We are installing the same self-signed certificate into every development and prototype unit.

Installing the same certificate into every unit is about the worst security practice one could imagine when dealing with certificates. We now know not to release products with the default hard coded administrative credentials. We avoid default credentials because such credentials could be extracted once and used to compromise all devices that implement them. This is a very similar situation – the default certificate means the private key could be extracted once and used to compromise all devices that rely on this certificate.

Cryptographically, both self-signed and trusted third party certificates operate the same way. Each certificate is associated with a key pair consisting of a secret private key and a non-secret public key. If you know the private key, then you can perform every action associated with the public key and certificate.

The compromise of the default certificates has further implications than just compromising authentication.

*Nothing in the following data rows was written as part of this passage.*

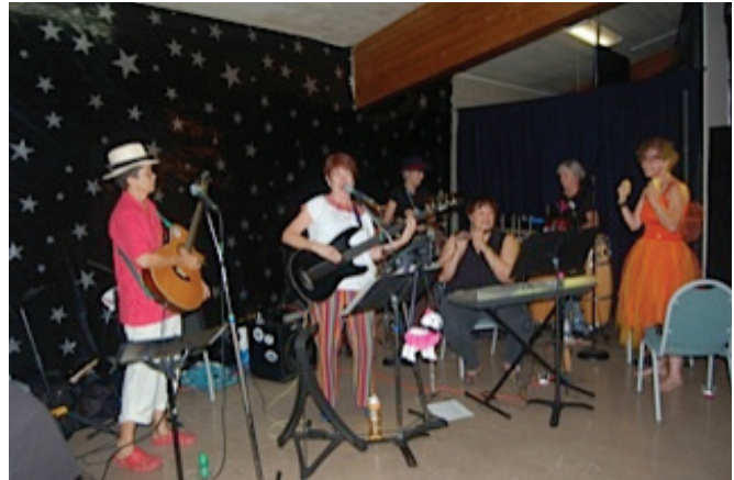
The Gabacha Cha Chas display their musical talent at the Equinox Masquerade Ball.

First UU is a seven-day a week community with activities going on every day to fulfill our mission. These 41 groups reflect the diversity of interest among the entire congregation and give everyone the opportunity to participate. ■
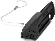
Protective cover D25, with single locking latch, protective cover material: PC, height: 15.5 mm, seal: no

Please be informed that the data shown in this PDF document is generated from our online catalog. Please find the complete data in the user documentation. Our general terms of use for downloads are valid.
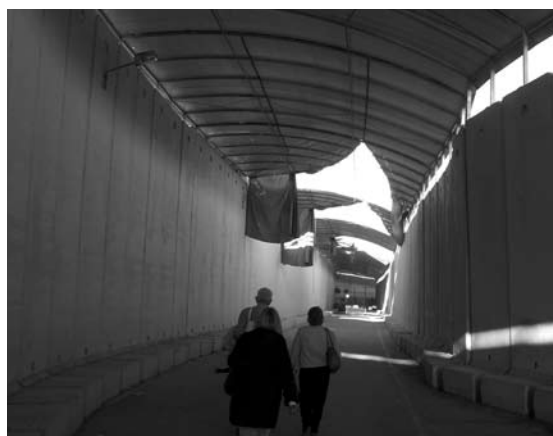
Israeli security corridor at Gaza
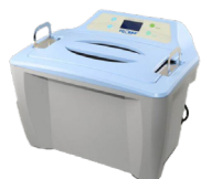
Scooba-S Ultrasonic Cleaner Without Heat 4.8l
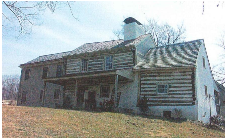
"Wollerton/Guthrie Farm". Historic Resource # 16
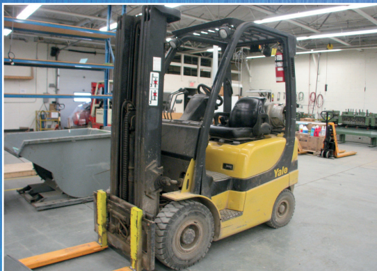
Yale 5000 lb. LPG Forklift

INSPECTION DATE: TUESDAY, JUNE 21, 9 AM TO 4 PM (LOCAL TIME)
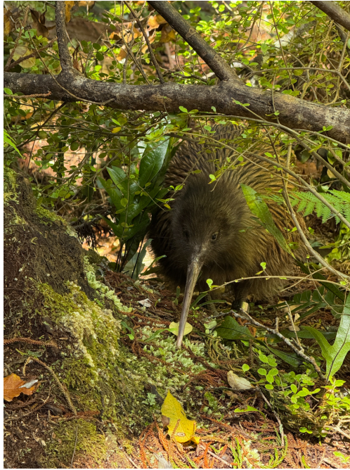
Ulva Island

The return water taxi ride was rough, but our skipper ensured everyone returned safely. Dinner at 7 p.m. gave everyone a chance to relax, and although service was slower than expected, the food itself was enjoyable. Overall, the day was filled with unforgettable wildlife encounters and magical moments, especially the extraordinary Kiwi and pelagic experiences, leaving everyone thrilled and deeply satisfied.
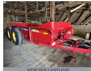
NEW HOLLAND #185

planter w/ custom plastic layer & sprayer; Rain-Flow #1600 2-row transplanter has (2) 80-gallon poly tanks w/ custom planter wheels; tobacco transplanter; 3-pt orchard sprayer w/ ploy tank; 3-pt hooded-sprayer w/ narrow roller; Rain-Flow #2570 plastic mulch layer, double drip, raised bed attachment & row filler; PBZ plastic wrapper/lifter for sweet corn; Rain-Flow #1800 3-pt plastic lifter w/ spring reset; (2) 3-pt stand-on, plastic wrapper; older wire-hoop straightener; 3-pt 38" Bush-Hog mower (squealer); (100+) Mathieson #420 & #520 alum. irrigation pipe (20' & 30'); 3-point Brillion small seeder; 1-row pumpkin planter; 3-pt Pioneer 1-bottom plow; 3-pt landscape box drag; Conestoga 25-Bu. mini manure spreader, ground drive; (7) custom small pickup body utility trailers; (2) I & J 2-row cultivators; (2) rotary-hoes; 3-pt PBZ single bale spear; (2) 3-pt Rain-Flow flat-bed plastic layer; 3-point plastic hoop setter; PTO Caprari 3.65, irrigation pump; (2) dig. cash registers; produce tables; (500+) HD tomato cages & pepper stakes; (1,000+) metal wire produce hoops; misc. cardboard bins & boxes; plus more unlisted.

For TLS, depending on the cipher used, the certificate could end up being used to establish a shared secret. In such cases, a passive eavesdropper would be able to decrypt TLS traffic after seeing the initial handshake.

Sure, competent administrators will fix this issue by uploading their own unique certificates, but how many would actually stop at 'just make it work' stage by trusting the default certificate? What you should do instead is generate a new key pair on initial boot or factory reset. This is how secure network devices operate. When generating new certificate, you also have to make sure that you have sufficient entropy available in the system and do not end up generating factorable keys.


Customers will be able to provide their own certificates, signed in whatever manner they wish (publicly, or privately). This will give them the chain of trust, and will allow them to be sure that they really are connecting to that system.

This suggests that either A) a typical installation will have a "real" domain name, visible on the public internet (as opposed to an intranet domain name or private IP address) or B) a typical customer will have the necessary technical knowledge to operate their own internal certificate authority.

If (A) is true, then your product could dial out to Let's Encrypt and obtain a signed certificate that way. This requires that the service both has a "real" domain name, and that it is fully visible to the public internet (i.e. it is not firewalled on ports 80 and/or 443). Let's Encrypt certificates can be acquired in a fully automated fashion and do not require any manual steps, provided you both know and control (can serve web traffic from) the FQDN. Naturally, you should interact with the service in a reasonably "polite" manner, especially considering that it is free of charge (i.e. do not send it a large number of requests at once, implement exponential retry backoff, etc.).

If (B) is true, then you should definitely go with the option you describe (i.e. let the customer provide a certificate), because your customers are better positioned to solve this problem than you are. However, in most industries, (B) is not true. Nevertheless, a sufficiently adventurous customer might want the option of doing this, so you should provide it anyway.

If neither (A) nor (B) is true, then you should follow one of the other answers. In this case, a typical customer does not have the ability to provide a good certificate, so you should not make them responsible for doing so. You may still want to provide an option for using a custom certificate, but you should not make it the default.


You could do something like offer up a unique certificate for

product-serial-number.product-name.company-name.com

and have it issued by something that has something trusted in the certification path. The certificate would still not be trusted for that purpose, but someone could check the certificate against a sticker on the box (and optionally install it into their certificate store). Unfortunately, Chrome and Edge no longer make it easy to view certificate details on HTTPS pages, so this will be difficult.